SUPPLIED INFORMATION START
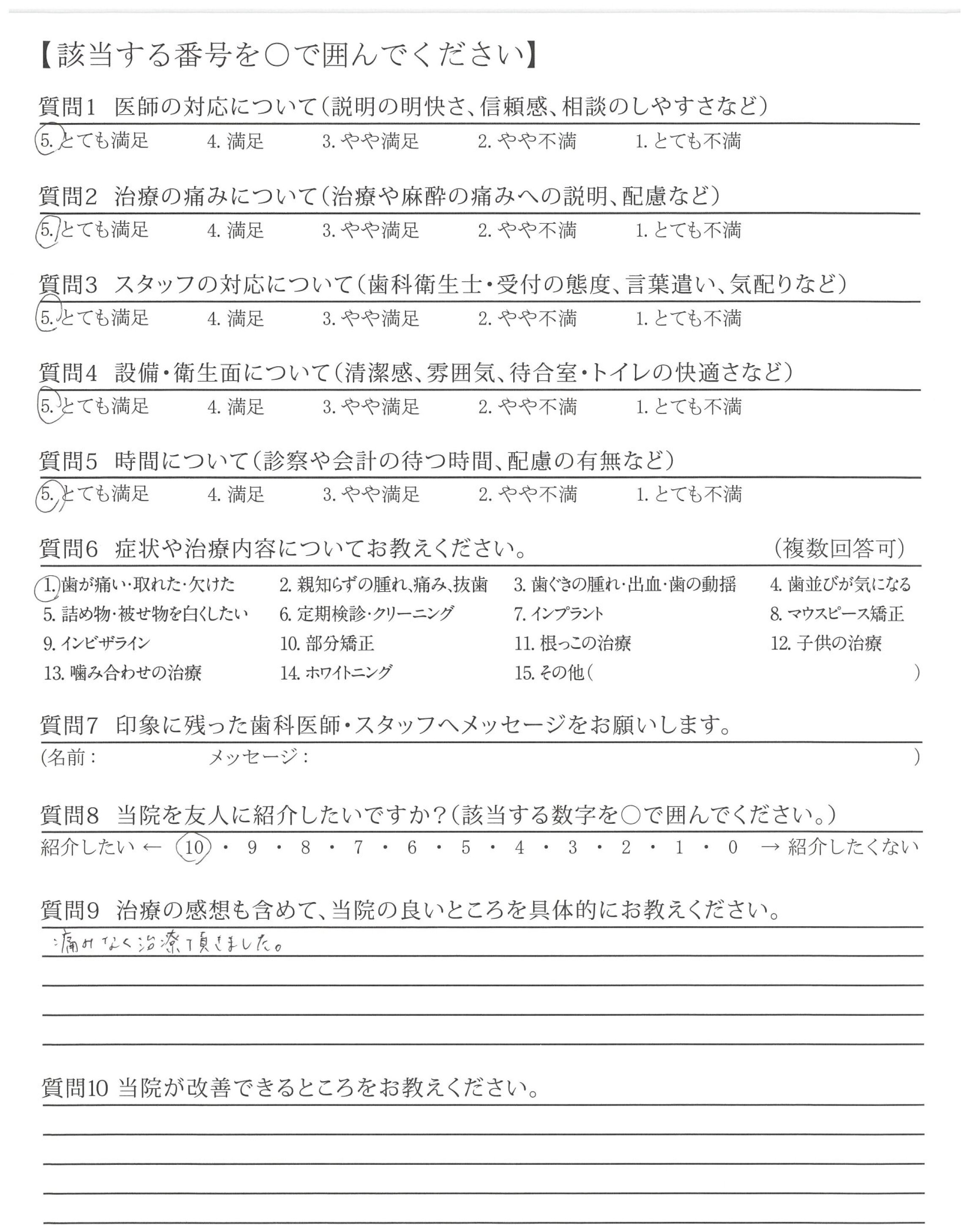 痛みなく治療頂きました。
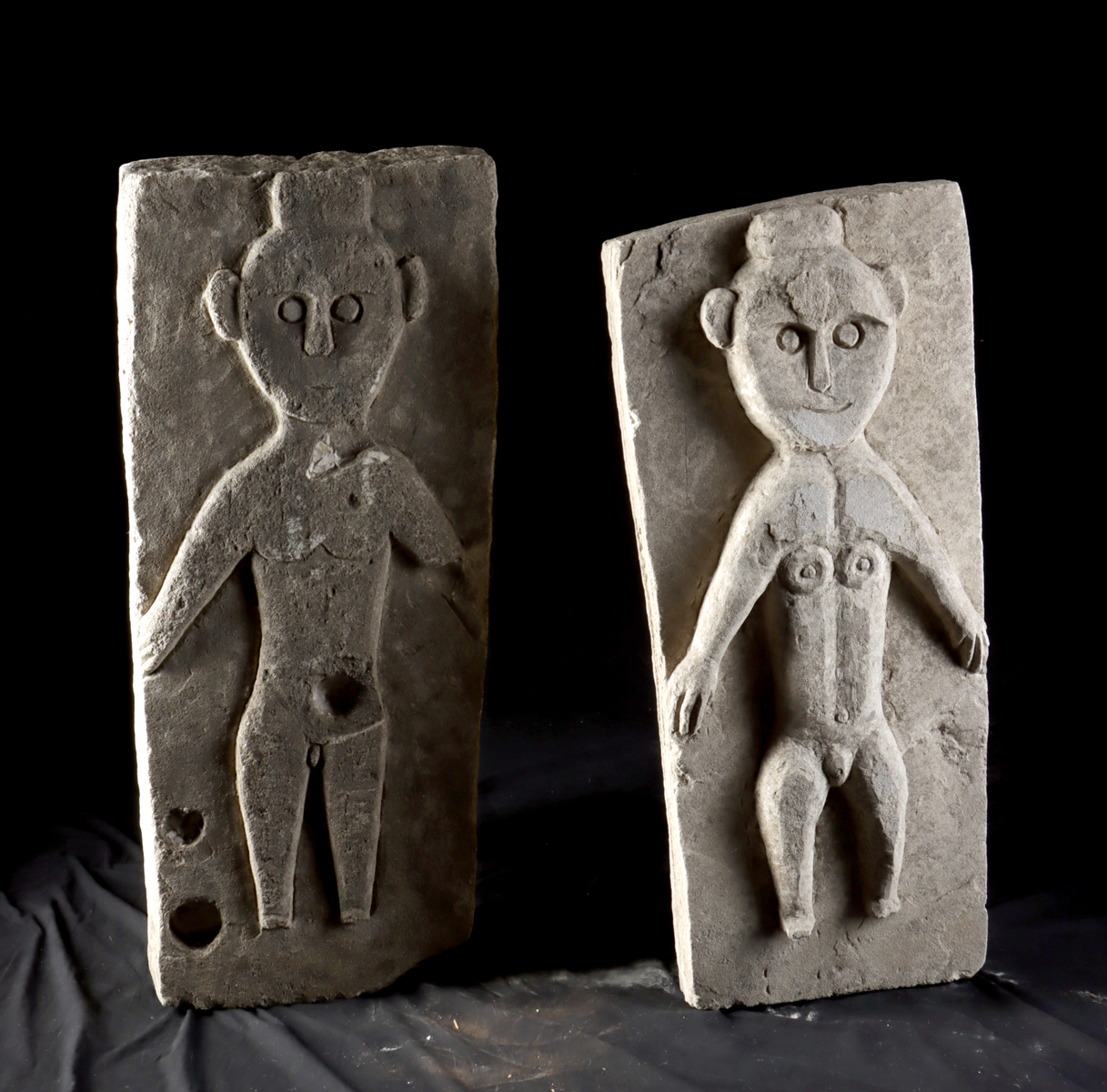 Lot 11a, Auction 3/19/2026: Two Sumatra Stone Figural Plaques – Nude Male & Female
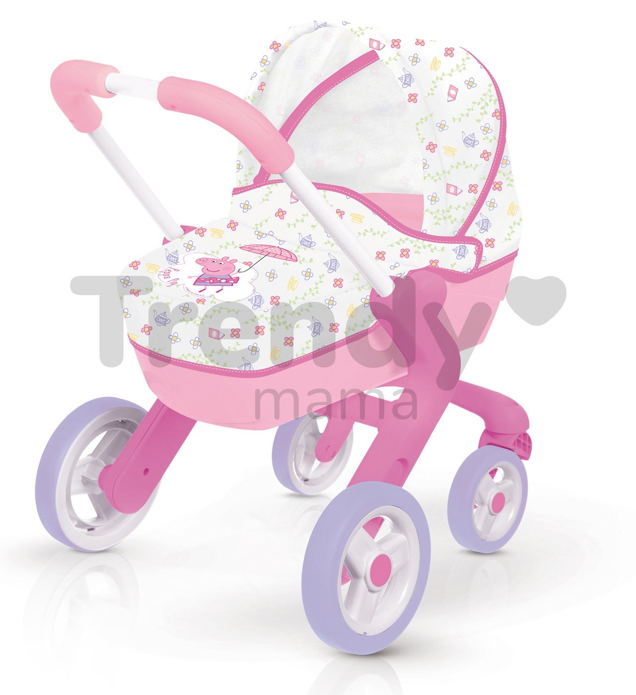 Kočík pre detskú bábiku Peppa Pig je kvalitný francúzsky výrobok, vyrobený s citom pre francúzsky dizajn, s pevnou kovovou konštrukciou, v kombinácii s odolnými plastami. Plastový materiál je kvalitný a zamatový na dotyk. Na bielej prikrývke i strieške je jemná farebná potlač, ktorá sa bude páčiť každej malej mamičke. Hlboký kočiar pre bábiku Smoby je realistická replika ozajstného detského kočiara. Deti milujú hru s bábikou, rady ju kúpu, prezliekajú, kŕmia, uspávajú alebo kočíkujú. Kočík pre bábiku je skvelý doplnok, pre každú malú princeznú, ktorá chce svoju bábiku vziať na prechádzku.
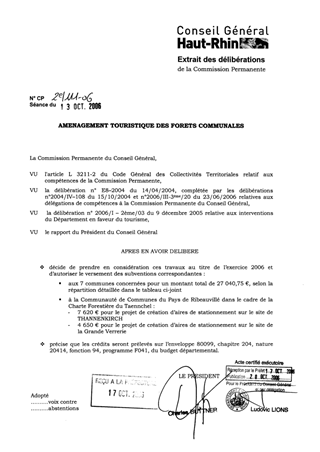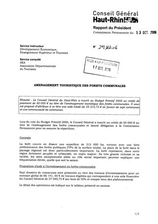 Le Conseil Général du Haut-Rhin a inscrit au Budget Primitif 2006 un crédit de paiement de 60 000 € au titre de l’aménagement touristique des forêts communales. Il vous est proposé d’attribuer à ce titre une aide totale de 39 310,75 € en faveur de sept communes et une communauté de communes
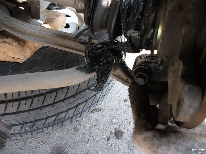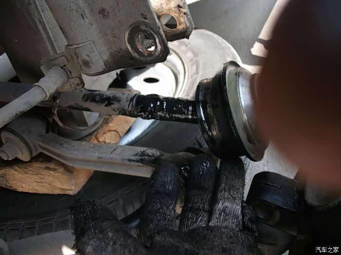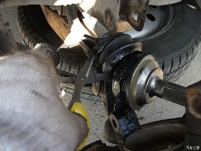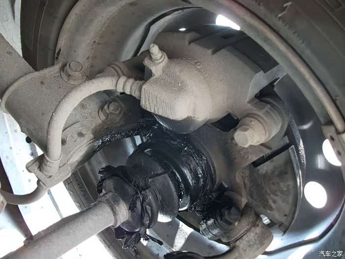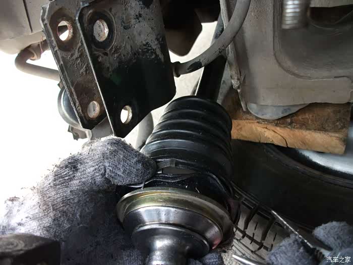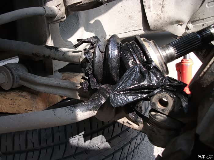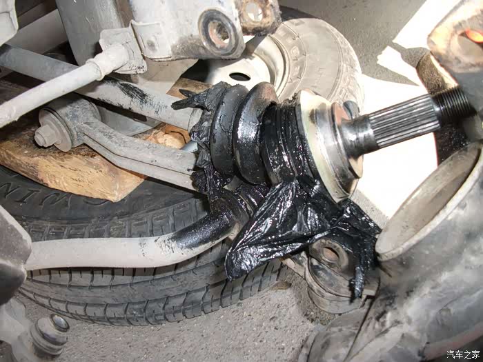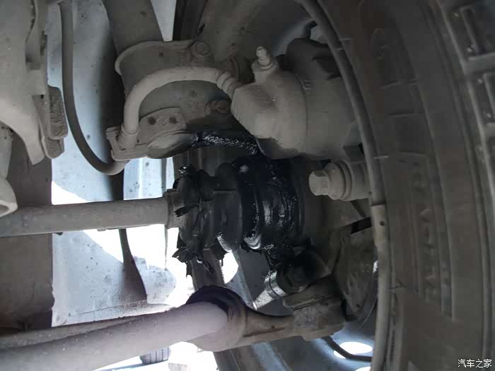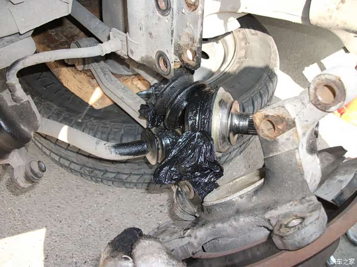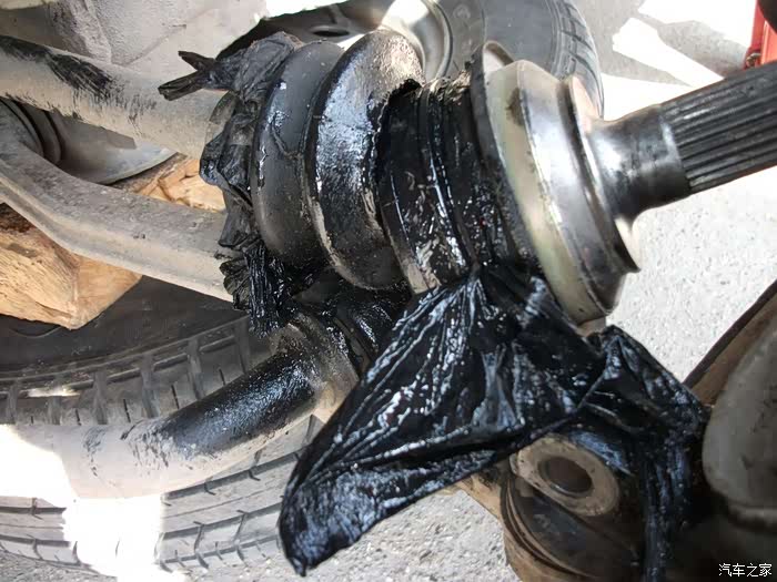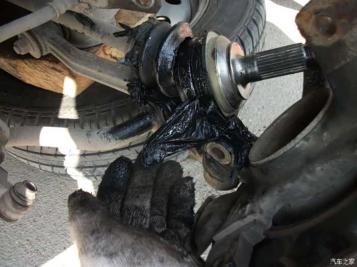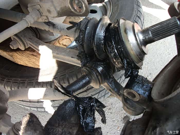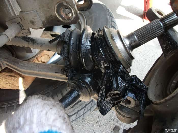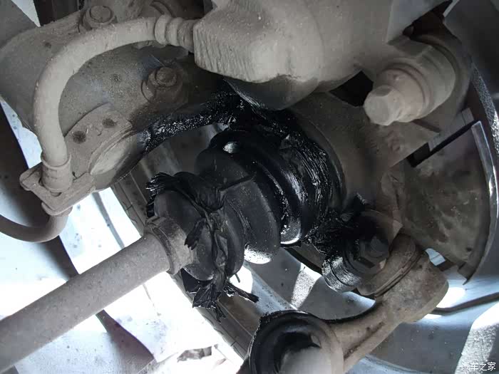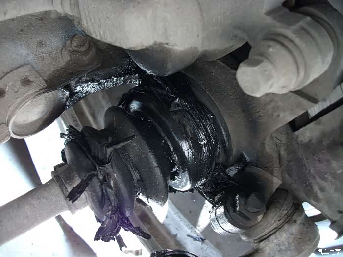 左半轴球头防尘套,烂成一团泥啦!
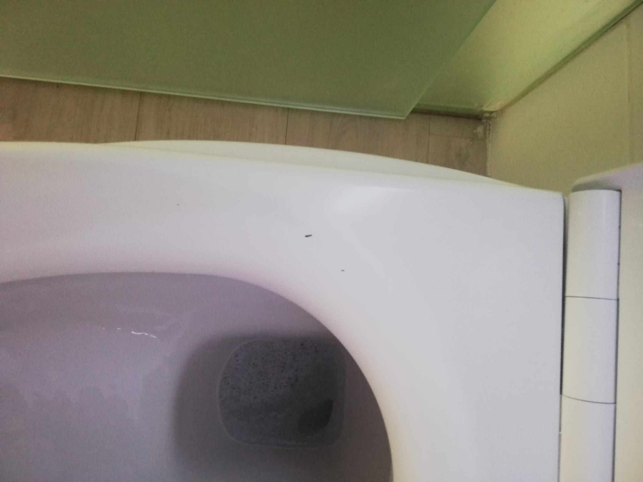 Beschädigte Toilette und verschimmeltes Silikon.
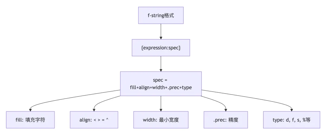 name = "Python"version = 3.12# 基本用法print(f"{name}{version}") # 'Python 3.12'# 表达式print(f"{2 ** 10}") # '1024'print(f"{name.upper()}") # 'PYTHON'# 格式说明符print(f"{3.14159:.2f}") # '3.14'print(f"{0.75:.2%}") # '75.00%'print(f"{1000000:,}") # '1,000,000'print(f"{42:05d}") # '00042'# 调试输出x = 10print(f"{x=}") # 'x=10'
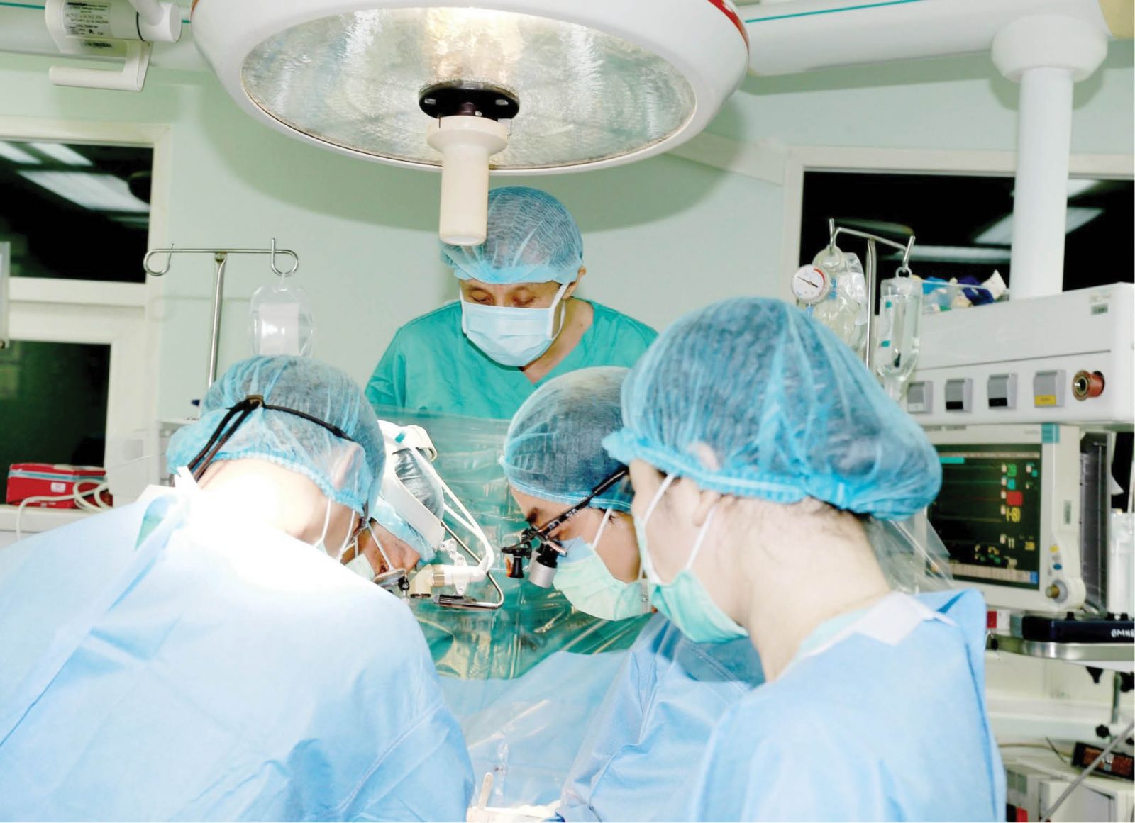 GS. TS. Phạm Như Hiệp (trong cùng) theo dõi các cộng sự thực hiện một ca phẫu thuật (ảnh minh họa). Ảnh: BVTW Huế cung cấp
SUPPLIED INFORMATION END
PROBLEM TO WORK ON: What is needed here is an exact copy of all the entries, without the pictures.

RESPONSE:
 痛みなく治療頂きました。
 Lot 11a, Auction 3/19/2026: Two Sumatra Stone Figural Plaques – Nude Male & Female
 Kočík pre detskú bábiku Peppa Pig je kvalitný francúzsky výrobok, vyrobený s citom pre francúzsky dizajn, s pevnou kovovou konštrukciou, v kombinácii s odolnými plastami. Plastový materiál je kvalitný a zamatový na dotyk. Na bielej prikrývke i strieške je jemná farebná potlač, ktorá sa bude páčiť každej malej mamičke. Hlboký kočiar pre bábiku Smoby je realistická replika ozajstného detského kočiara. Deti milujú hru s bábikou, rady ju kúpu, prezliekajú, kŕmia, uspávajú alebo kočíkujú. Kočík pre bábiku je skvelý doplnok, pre každú malú princeznú, ktorá chce svoju bábiku vziať na prechádzku.
 Le Conseil Général du Haut-Rhin a inscrit au Budget Primitif 2006 un crédit de paiement de 60 000 € au titre de l’aménagement touristique des forêts communales. Il vous est proposé d’attribuer à ce titre une aide totale de 39 310,75 € en faveur de sept communes et une communauté de communes
 左半轴球头防尘套,烂成一团泥啦!
 Beschädigte Toilette und verschimmeltes Silikon.
 name = "Python"version = 3.12# 基本用法print(f"{name}{version}") # 'Python 3.12'# 表达式print(f"{2 ** 10}") # '1024'print(f"{name.upper()}") # 'PYTHON'# 格式说明符print(f"{3.14159:.2f}") # '3.14'print(f"{0.75:.2%}") # '75.00%'print(f"{1000000:,}") # '1,000,000'print(f"{42:05d}") # '00042'# 调试输出x = 10print(f"{x=}") # 'x=10'
 GS. TS. Phạm Như Hiệp (trong cùng) theo dõi các cộng sự thực hiện một ca phẫu thuật (ảnh minh họa). Ảnh: BVTW Huế cung cấp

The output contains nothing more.